[Extracted material]:

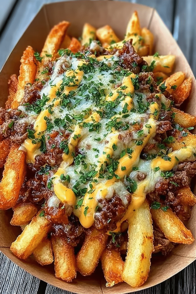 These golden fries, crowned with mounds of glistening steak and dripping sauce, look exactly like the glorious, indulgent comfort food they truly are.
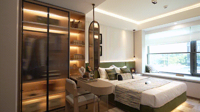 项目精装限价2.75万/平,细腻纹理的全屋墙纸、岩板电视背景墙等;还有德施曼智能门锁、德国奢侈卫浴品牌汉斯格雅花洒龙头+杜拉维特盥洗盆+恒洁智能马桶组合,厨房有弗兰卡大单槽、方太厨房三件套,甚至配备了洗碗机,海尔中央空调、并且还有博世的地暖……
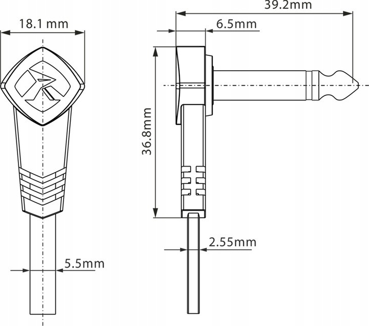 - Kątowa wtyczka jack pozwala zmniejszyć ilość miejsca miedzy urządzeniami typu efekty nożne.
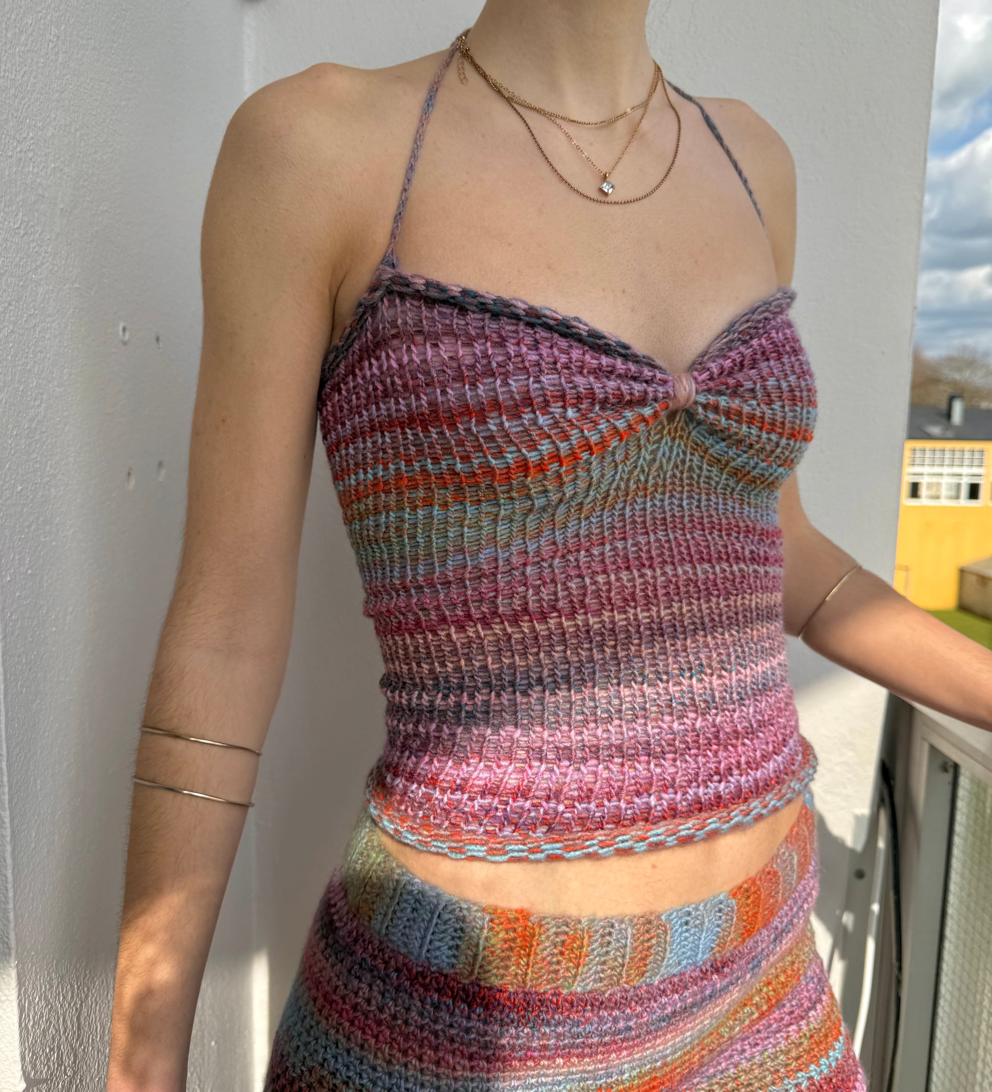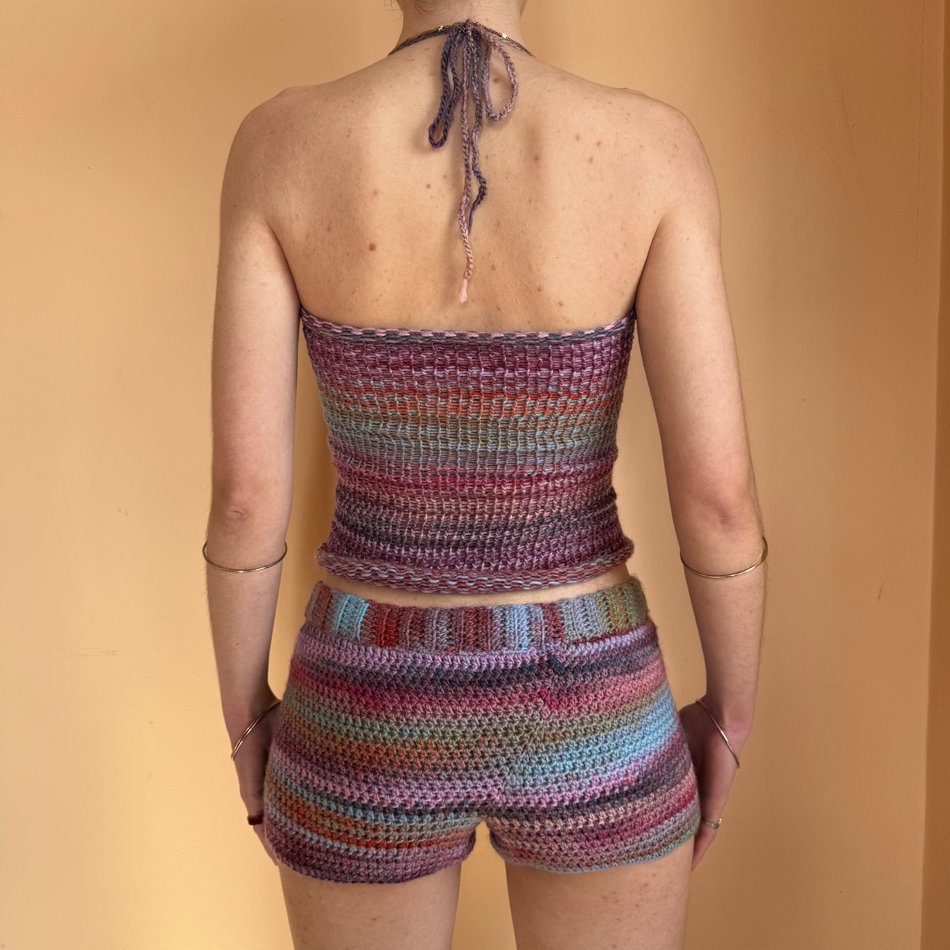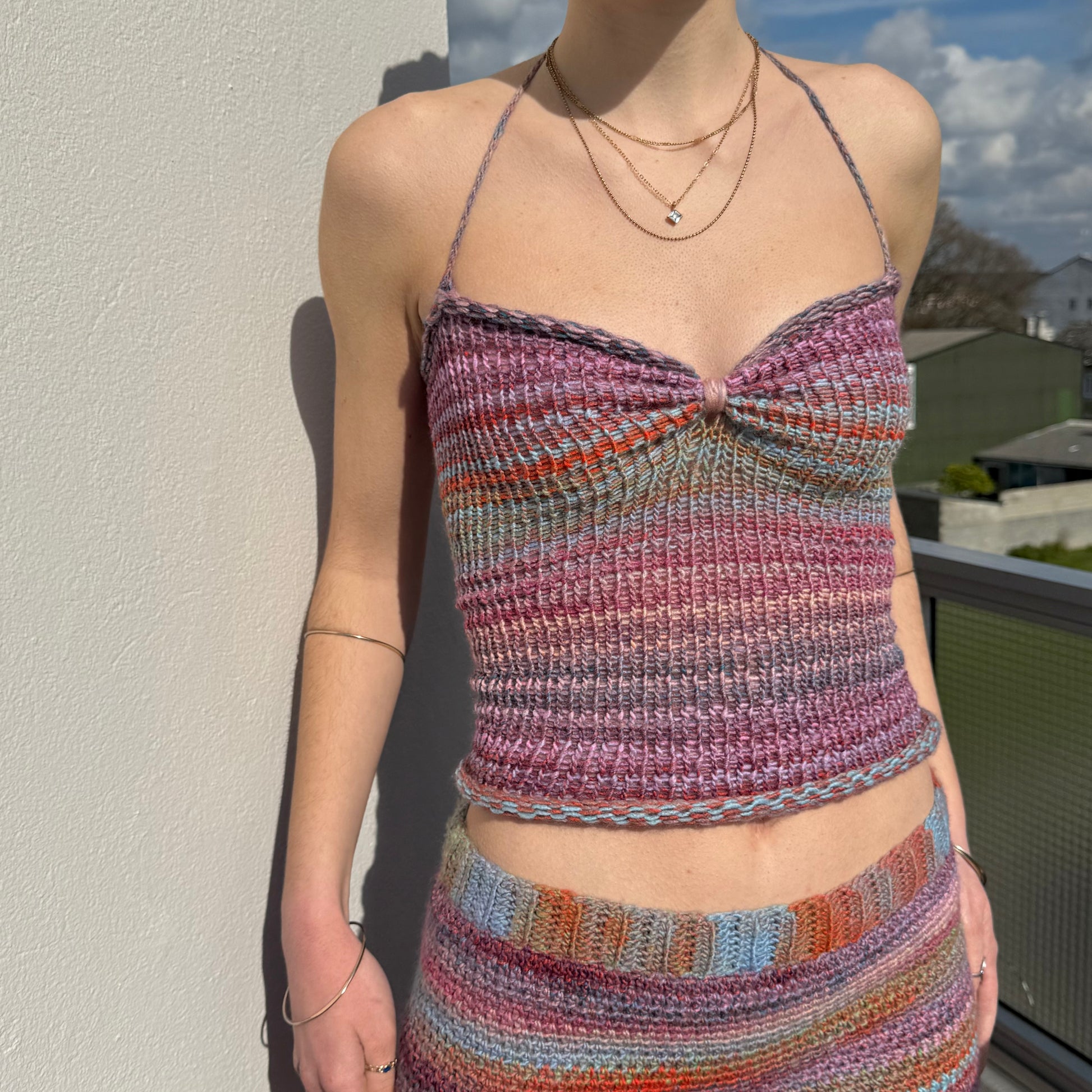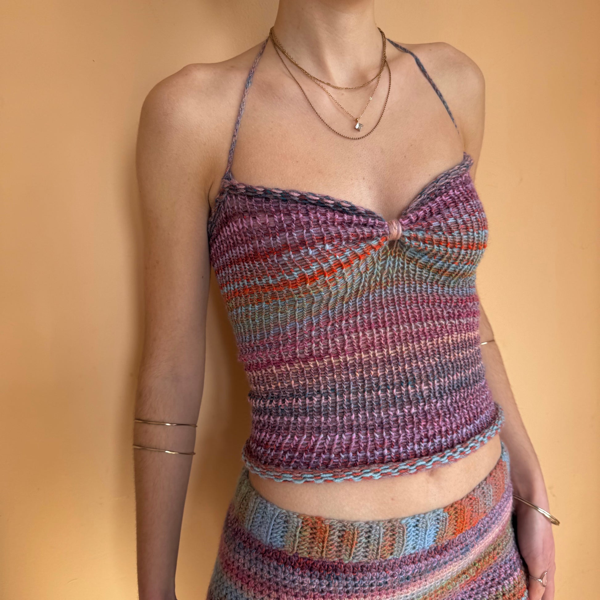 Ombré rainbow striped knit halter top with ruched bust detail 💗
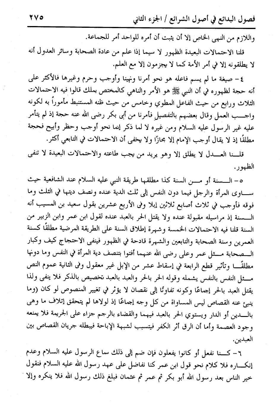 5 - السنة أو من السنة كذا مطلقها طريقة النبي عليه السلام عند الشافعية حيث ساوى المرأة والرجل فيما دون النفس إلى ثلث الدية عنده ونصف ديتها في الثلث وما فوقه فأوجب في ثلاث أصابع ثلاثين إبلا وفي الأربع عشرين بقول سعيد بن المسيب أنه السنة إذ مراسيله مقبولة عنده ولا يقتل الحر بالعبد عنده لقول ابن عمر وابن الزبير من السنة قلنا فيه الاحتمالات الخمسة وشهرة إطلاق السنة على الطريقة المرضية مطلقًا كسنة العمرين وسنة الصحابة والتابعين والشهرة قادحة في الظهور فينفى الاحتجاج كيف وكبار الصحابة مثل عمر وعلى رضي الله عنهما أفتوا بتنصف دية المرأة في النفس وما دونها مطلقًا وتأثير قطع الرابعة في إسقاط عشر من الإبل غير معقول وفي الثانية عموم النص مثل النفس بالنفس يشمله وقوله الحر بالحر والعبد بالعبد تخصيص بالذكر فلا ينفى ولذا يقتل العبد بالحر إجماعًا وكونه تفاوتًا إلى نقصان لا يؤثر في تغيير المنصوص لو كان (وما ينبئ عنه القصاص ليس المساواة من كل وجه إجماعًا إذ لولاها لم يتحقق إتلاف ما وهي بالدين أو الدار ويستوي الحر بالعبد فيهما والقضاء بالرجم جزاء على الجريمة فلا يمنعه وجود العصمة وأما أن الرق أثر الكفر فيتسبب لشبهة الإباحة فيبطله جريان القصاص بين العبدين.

[What the task requires]:
Leaving out the pictures, output each line above exactly as it is.

[Answer to this problem]:
 These golden fries, crowned with mounds of glistening steak and dripping sauce, look exactly like the glorious, indulgent comfort food they truly are.
 项目精装限价2.75万/平,细腻纹理的全屋墙纸、岩板电视背景墙等;还有德施曼智能门锁、德国奢侈卫浴品牌汉斯格雅花洒龙头+杜拉维特盥洗盆+恒洁智能马桶组合,厨房有弗兰卡大单槽、方太厨房三件套,甚至配备了洗碗机,海尔中央空调、并且还有博世的地暖……
 - Kątowa wtyczka jack pozwala zmniejszyć ilość miejsca miedzy urządzeniami typu efekty nożne.
 Ombré rainbow striped knit halter top with ruched bust detail 💗
 5 - السنة أو من السنة كذا مطلقها طريقة النبي عليه السلام عند الشافعية حيث ساوى المرأة والرجل فيما دون النفس إلى ثلث الدية عنده ونصف ديتها في الثلث وما فوقه فأوجب في ثلاث أصابع ثلاثين إبلا وفي الأربع عشرين بقول سعيد بن المسيب أنه السنة إذ مراسيله مقبولة عنده ولا يقتل الحر بالعبد عنده لقول ابن عمر وابن الزبير من السنة قلنا فيه الاحتمالات الخمسة وشهرة إطلاق السنة على الطريقة المرضية مطلقًا كسنة العمرين وسنة الصحابة والتابعين والشهرة قادحة في الظهور فينفى الاحتجاج كيف وكبار الصحابة مثل عمر وعلى رضي الله عنهما أفتوا بتنصف دية المرأة في النفس وما دونها مطلقًا وتأثير قطع الرابعة في إسقاط عشر من الإبل غير معقول وفي الثانية عموم النص مثل النفس بالنفس يشمله وقوله الحر بالحر والعبد بالعبد تخصيص بالذكر فلا ينفى ولذا يقتل العبد بالحر إجماعًا وكونه تفاوتًا إلى نقصان لا يؤثر في تغيير المنصوص لو كان (وما ينبئ عنه القصاص ليس المساواة من كل وجه إجماعًا إذ لولاها لم يتحقق إتلاف ما وهي بالدين أو الدار ويستوي الحر بالعبد فيهما والقضاء بالرجم جزاء على الجريمة فلا يمنعه وجود العصمة وأما أن الرق أثر الكفر فيتسبب لشبهة الإباحة فيبطله جريان القصاص بين العبدين.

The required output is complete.